Re: re-whales from rodents

mortongr@flash.net
Fri, 13 Aug 1999 21:46:31 +0000

At 05:40 PM 08/13/1999 -0600, John W. Burgeson wrote:
>That's about the way I read it also. Johnson may be properly chastised,
>it appears, for using as an example of what he sees as silly thinking by
>evolutionists an example 20 years out of date, but that seems to me to be
>a trivial chide. As I understand it, at one time the "rodent to whale"
>line WAs espoused as, at least, a valid hypothesis; the apparent fact
>that it is not now regarded as a valid hypothesis does not change the
>thrust of Johnson's argument; using a more recent example would have been
>better, but then, of course, 20 years from now he'd be out of date again!

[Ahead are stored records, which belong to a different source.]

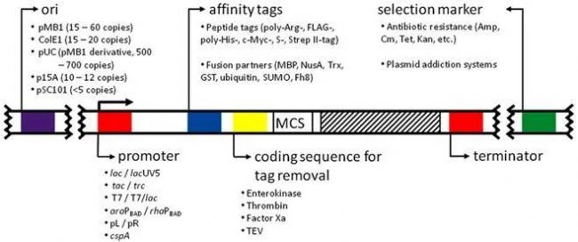 復(fù)制子:包含復(fù)制起始點及相關(guān)順式作用控制元件(cis-acting control elements)。在選擇質(zhì)粒載體時,質(zhì)粒拷貝數(shù)是一個非常重要參數(shù),應(yīng)重點考慮。目前可從市場上購買到的載體非常多,如pET、pUC、pACYC 、pBAD和pSC101等。pET系列載體含有pMB1起始子,在單個菌體中該類質(zhì)粒的拷貝數(shù)通常為15-60;pUC系列含有一個突變的pMB1起始子,在該系列的載體在單個細菌中的拷貝數(shù)通常為500–700;pACYC和pBAD系列常被用于雙表達體系,如FRET系統(tǒng),該系列含有p15A起始子,單個細胞中質(zhì)粒的拷貝數(shù)為10-12;pSC101系列載體在單個細胞中的拷貝數(shù)較少,通常<5個,此類載體常被用于三種蛋白的共表達。
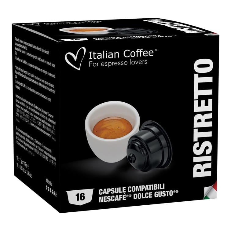 Nescafé Dolce Gusto Ristretto italské kávové kapsle jsou klasická italská pražená káva s bohatou chutí, intenzivním aroma a hustou pěnou. Kapsle kompatibilní se systémem DOLCE GUSTO* ® obsahují 100 % chuti a vůně kávy
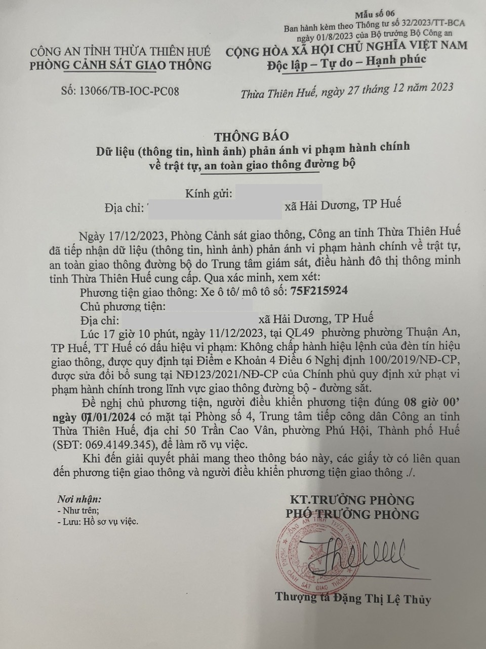 Công an thành phố đã lập hồ sơ, thông báo chủ phương tiện đến làm việc. Tuy nhiên, hiện chủ phương tiện vẫn chưa trình diện tại cơ quan. Công an thành phố Huế sẽ tiếp tục thông báo lực lượng tuần tra trên địa bàn, trong quá trình làm nhiệm vụ phát hiện, xử lý.
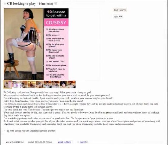 Sissy CD Cock Slut Amber places another Craigslist add and sucks some stranger cock!
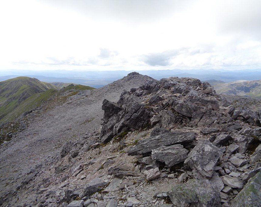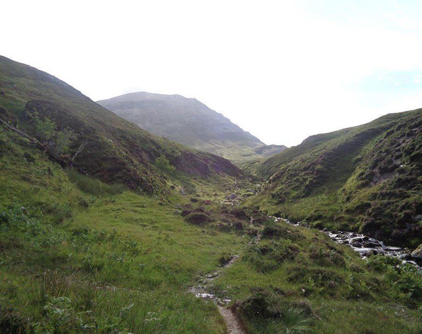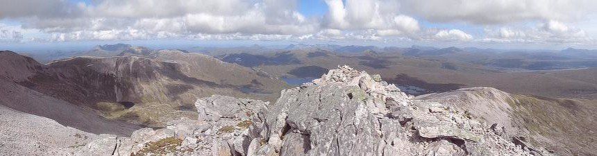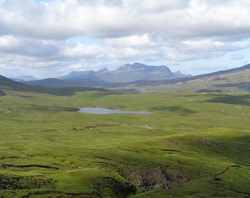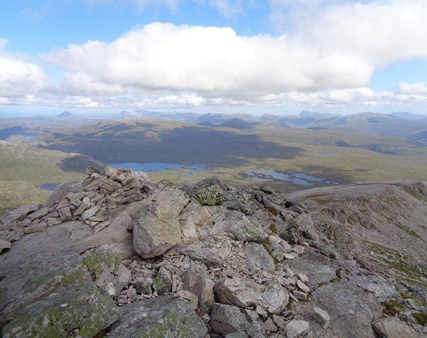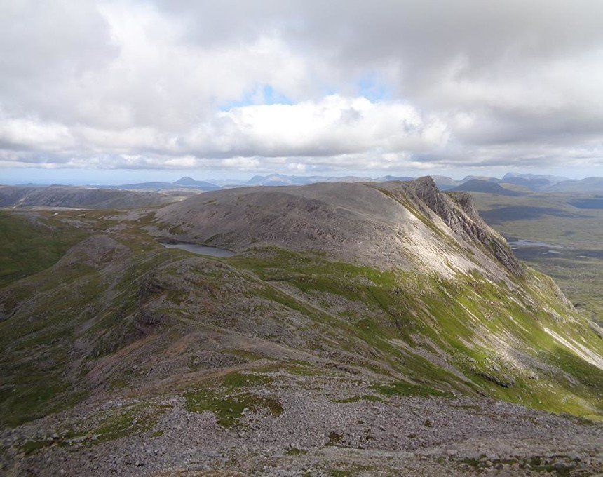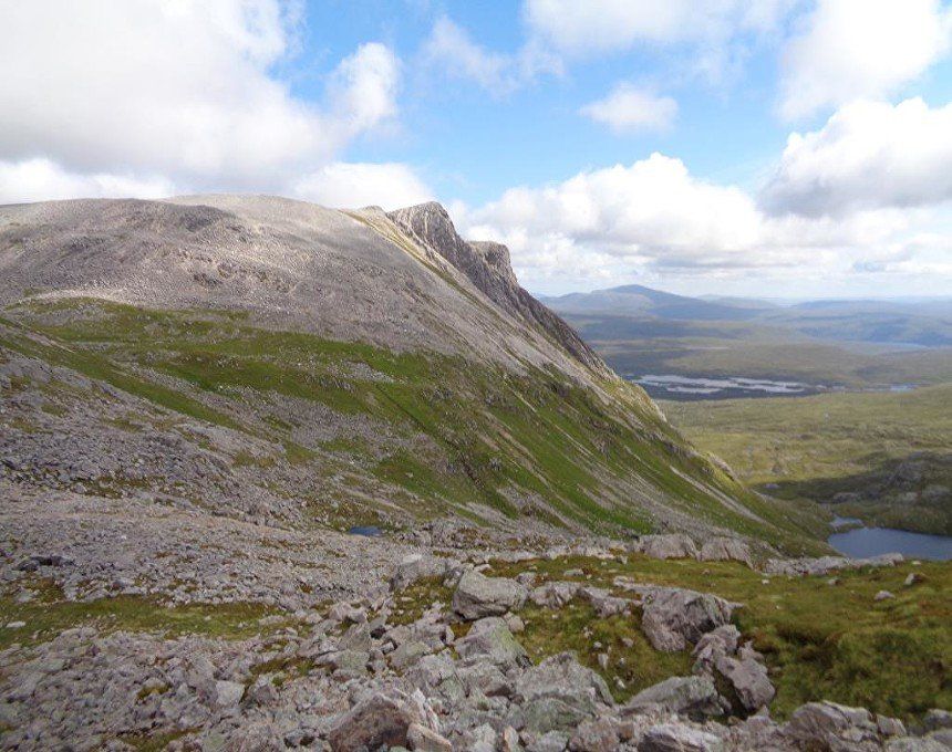 July 2018 - Ascent from Inchnadamph. A long route in, but interesting as it follows, for the most part, Gleann Dubh, which becomes narrower and steep sided. After 4.5km or so from the start the climb begins in earnest. A boggy section is followed by a badly eroded path climbing up the north side of the Allt a' Choinne Mhill. Much higher up the gradient relents into a shallow grassy corrie. The path soon crosses the burn and then climbs up towards the base of a band of quartzite crags. Above the line of crags an upper corrie is reached, with the bealach between Conival and Beinn an Fhurain beyond. Then I headed up the north ridge of Conival on a stony path; there are fine views looking over into Coire a'Mhadaidh, its lochan overshadowed by the impressive quartzite buttresses of Na Tuadhan. Higher up is a better-defined section of ridge, grassy going giving relief from the stones for a while. Beyond this the ridge climbs again, with some fine crags on the SW side, eventually reaching the summit cairn of Conival at a junction of three ridges. The cairn takes the form of a wind-shelter and has grand views looking back along Loch Assynt and the amazing mountains of Canisp, Cul Mor and Suilven. The east ridge leads the eye across masses of scree slopes to Ben More Assynt; traversing the ridge is very rough going. At 998m Ben More Assynt is the highest mountain over a vast area of northern Scotland as well as being the second Munro of the day; the view is of a majestic, desolate, sweeping bare wilderness to the east and amazing mountain panoramas and the Atlantic to the west. Took the obligatory picture of Stac Pollaidh on the drive back to Ullapool.

Burgy, I obviously haven't read everything on this topic, but I have NEVER
read that rodents were once considered as whale progenitors--NEVER. Can
you provide a reference for this? Stahl, the 20 year out of date book that
Johnson quotes, certainly doesn't say that.

Romer, in 1968, says that creodont carnivores gave rise to the whales (A.
S. Romer, Man and the Vertebrates, (Baltimore: Penguin Books, 1968), p.
176,177.)

My book is in storage but I recall this was in the 1948 version of that
book also.

Colbert says that the whales are isolated from other groups (Edwin H. Colbert,
Evolution of the Vertebrates, (New York: John Wiley and Sons, 1969), p. 336)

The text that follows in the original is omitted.